Brief: Repeat the data that follows exactly, starting at the line with "进入地图后,可通过左边的轮盘" and ending at the line with "- In a blender", and leave out every picture.

Source material:
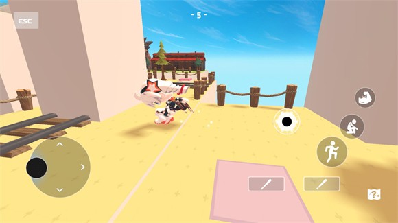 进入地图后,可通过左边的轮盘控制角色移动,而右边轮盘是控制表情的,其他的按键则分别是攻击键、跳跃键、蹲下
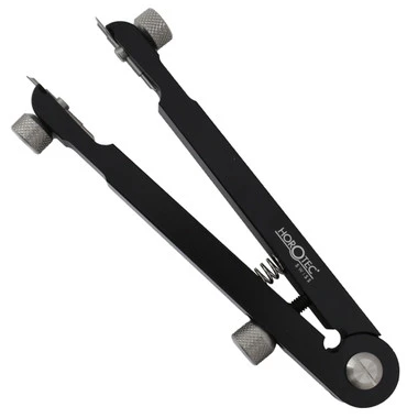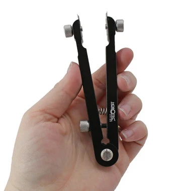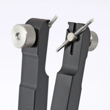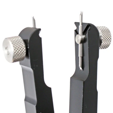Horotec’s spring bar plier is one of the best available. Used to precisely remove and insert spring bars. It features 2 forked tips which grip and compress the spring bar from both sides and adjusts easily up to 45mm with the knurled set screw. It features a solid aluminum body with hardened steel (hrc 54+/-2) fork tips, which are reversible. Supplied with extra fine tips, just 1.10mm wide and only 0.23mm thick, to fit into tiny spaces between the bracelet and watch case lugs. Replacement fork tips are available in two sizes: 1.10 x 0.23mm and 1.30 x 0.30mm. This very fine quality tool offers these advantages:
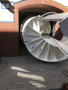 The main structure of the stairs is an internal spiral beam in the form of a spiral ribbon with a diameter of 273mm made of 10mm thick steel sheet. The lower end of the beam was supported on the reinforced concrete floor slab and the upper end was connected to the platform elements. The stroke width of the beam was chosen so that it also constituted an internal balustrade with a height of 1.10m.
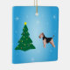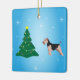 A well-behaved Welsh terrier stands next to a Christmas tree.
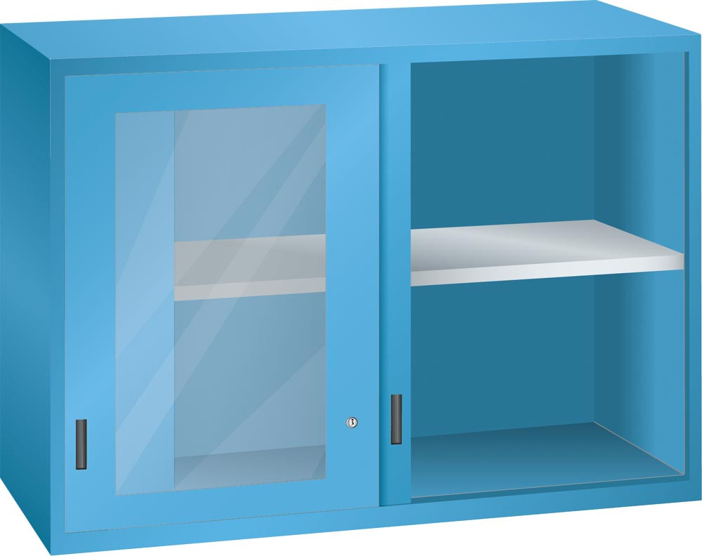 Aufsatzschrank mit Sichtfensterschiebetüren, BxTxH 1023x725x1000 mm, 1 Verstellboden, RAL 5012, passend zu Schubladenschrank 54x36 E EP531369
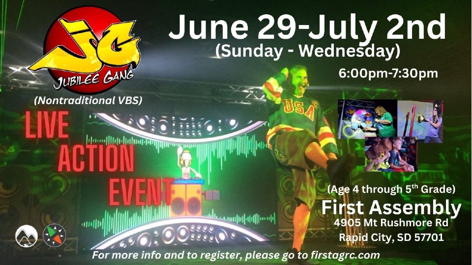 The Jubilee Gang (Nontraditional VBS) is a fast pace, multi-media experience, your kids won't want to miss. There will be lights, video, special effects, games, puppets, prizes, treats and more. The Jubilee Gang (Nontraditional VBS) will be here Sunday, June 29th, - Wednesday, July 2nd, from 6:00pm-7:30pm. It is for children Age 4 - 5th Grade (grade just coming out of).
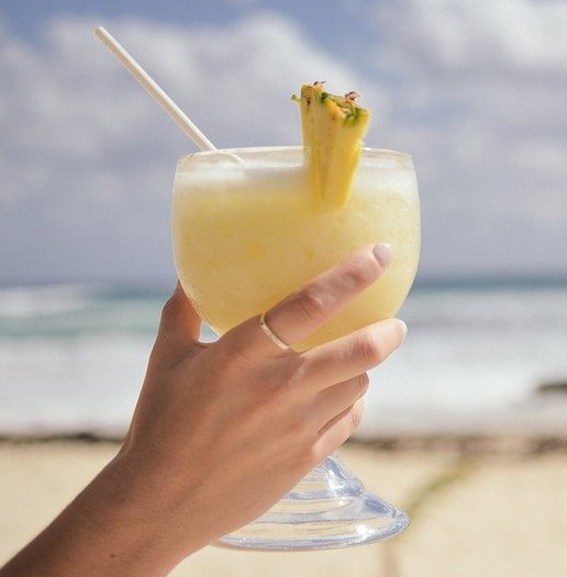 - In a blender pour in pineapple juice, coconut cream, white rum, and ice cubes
* * *
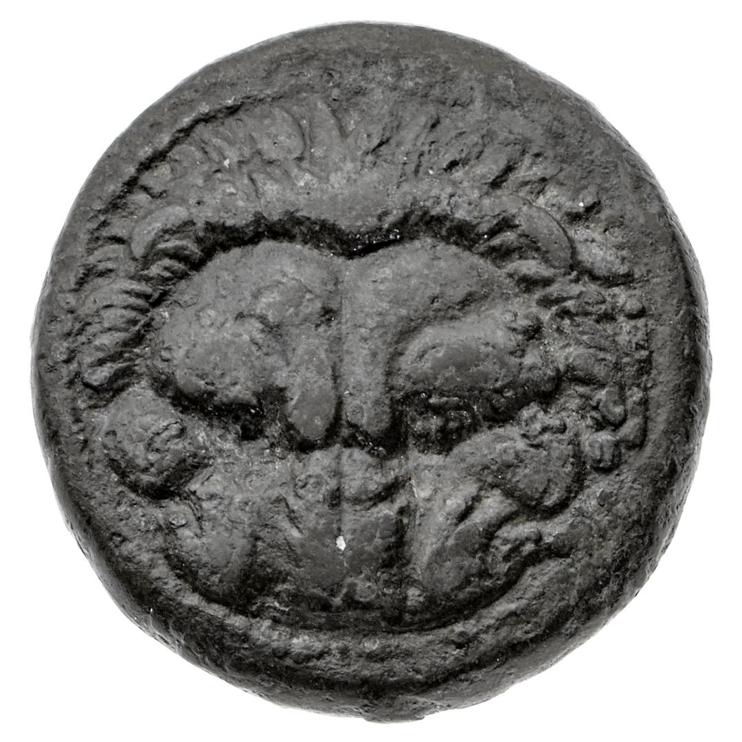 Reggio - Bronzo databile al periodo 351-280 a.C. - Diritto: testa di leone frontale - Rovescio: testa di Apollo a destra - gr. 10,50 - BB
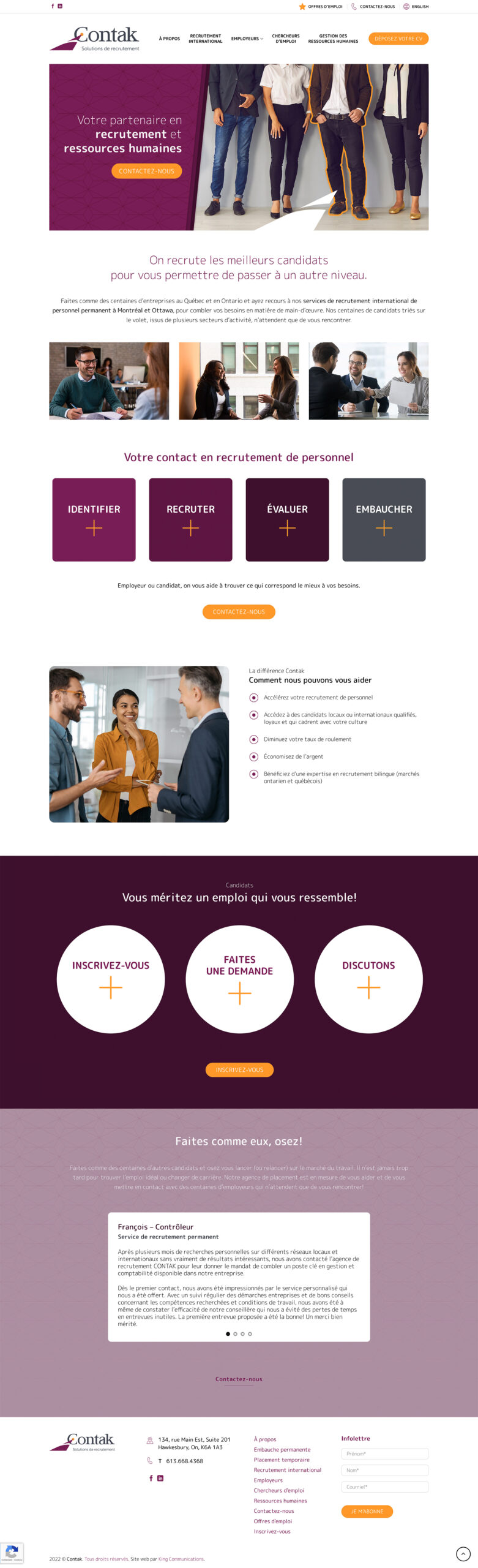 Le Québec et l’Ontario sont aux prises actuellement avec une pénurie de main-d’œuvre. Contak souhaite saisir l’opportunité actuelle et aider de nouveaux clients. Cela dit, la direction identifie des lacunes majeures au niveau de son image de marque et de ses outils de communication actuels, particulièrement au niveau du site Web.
--
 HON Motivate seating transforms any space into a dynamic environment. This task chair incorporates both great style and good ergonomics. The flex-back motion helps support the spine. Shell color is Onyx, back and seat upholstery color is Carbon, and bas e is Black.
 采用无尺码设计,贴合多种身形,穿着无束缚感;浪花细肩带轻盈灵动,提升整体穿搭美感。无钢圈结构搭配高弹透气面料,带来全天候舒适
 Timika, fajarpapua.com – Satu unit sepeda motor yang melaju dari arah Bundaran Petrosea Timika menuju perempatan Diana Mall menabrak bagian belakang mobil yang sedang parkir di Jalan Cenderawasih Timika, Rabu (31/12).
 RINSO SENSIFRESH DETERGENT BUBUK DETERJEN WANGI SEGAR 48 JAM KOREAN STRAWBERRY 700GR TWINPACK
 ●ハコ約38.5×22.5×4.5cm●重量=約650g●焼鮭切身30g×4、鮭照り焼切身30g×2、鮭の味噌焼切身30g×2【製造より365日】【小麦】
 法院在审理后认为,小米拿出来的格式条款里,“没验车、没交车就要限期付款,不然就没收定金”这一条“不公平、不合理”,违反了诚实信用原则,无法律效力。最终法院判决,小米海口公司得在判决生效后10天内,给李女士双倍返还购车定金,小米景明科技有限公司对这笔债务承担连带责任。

Answer below:
 进入地图后,可通过左边的轮盘控制角色移动,而右边轮盘是控制表情的,其他的按键则分别是攻击键、跳跃键、蹲下
Horotec’s spring bar plier is one of the best available. Used to precisely remove and insert spring bars. It features 2 forked tips which grip and compress the spring bar from both sides and adjusts easily up to 45mm with the knurled set screw. It features a solid aluminum body with hardened steel (hrc 54+/-2) fork tips, which are reversible. Supplied with extra fine tips, just 1.10mm wide and only 0.23mm thick, to fit into tiny spaces between the bracelet and watch case lugs. Replacement fork tips are available in two sizes: 1.10 x 0.23mm and 1.30 x 0.30mm. This very fine quality tool offers these advantages:
 The main structure of the stairs is an internal spiral beam in the form of a spiral ribbon with a diameter of 273mm made of 10mm thick steel sheet. The lower end of the beam was supported on the reinforced concrete floor slab and the upper end was connected to the platform elements. The stroke width of the beam was chosen so that it also constituted an internal balustrade with a height of 1.10m.
 A well-behaved Welsh terrier stands next to a Christmas tree.
 Aufsatzschrank mit Sichtfensterschiebetüren, BxTxH 1023x725x1000 mm, 1 Verstellboden, RAL 5012, passend zu Schubladenschrank 54x36 E EP531369
 The Jubilee Gang (Nontraditional VBS) is a fast pace, multi-media experience, your kids won't want to miss. There will be lights, video, special effects, games, puppets, prizes, treats and more. The Jubilee Gang (Nontraditional VBS) will be here Sunday, June 29th, - Wednesday, July 2nd, from 6:00pm-7:30pm. It is for children Age 4 - 5th Grade (grade just coming out of).
 - In a blender pour in pineapple juice, coconut cream, white rum, and ice cubes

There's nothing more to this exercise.